The number of usability results found by aggregates of evaluators grows rapidly in the interval from one to five evaluators but reaches the point of diminishing returns around the point of ten evaluators. We recommend that heuristic evaluation is done with between three and five evaluators and that any additional resources are spent on alternative methods of evaluation (Nielsen and Molich, 1990, p. 255).
The basic findings are that (a) 80% of the usability problems are detected with four or five subjects, (b) additional subjects are less and less likely to reveal new information, and (c) the most severe usability problems are likely to have been detected in the first few subjects (Virzi, 1992, p. 457).
The benefits are much larger than the costs both for user testing and for heuristic evaluation. The highest ratio of benefits to costs is achieved for 3.2 test users and for 4.4 heuristic evaluators.

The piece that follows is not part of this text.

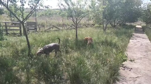 Собаки радостно бегают по своим владениям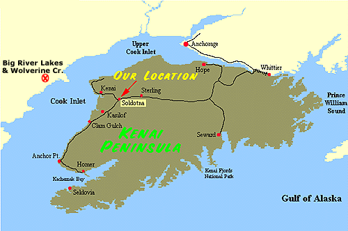 (From Kenai) If you are flying into Kenai and picking up your rental vehicle there, ask the counter person to direct you from the airport to the Kenai Spur Hwy. Its a single street to take and easy to follow. Turn left onto the Spur Hwy and travel approximately 9.5 miles to Soldotna, where you will turn right onto Knight Drive (across from the car wash).

These numbers can be taken as one rough estimate of the effort to be expended for usability evaluation for each version of a user interface subjected to iterative design (Nielsen and Landauer, 1993, p. 212).
Problem discovery shows diminishing returns as a function of sample size. Observing four to five participants will uncover about 80% of a product’s usability problems as long as the average likelihood of problem detection ranges between .32 and .42, as in Virzi. If the average likelihood of problem detection is lower, then a practitioner will need to observe more than five participants to discover 80% of the problems. Using behavioral categories for problem severity (or impact), these data showed no correlation between problem severity (impact) and rate of discovery (Lewis, 1994, p. 368).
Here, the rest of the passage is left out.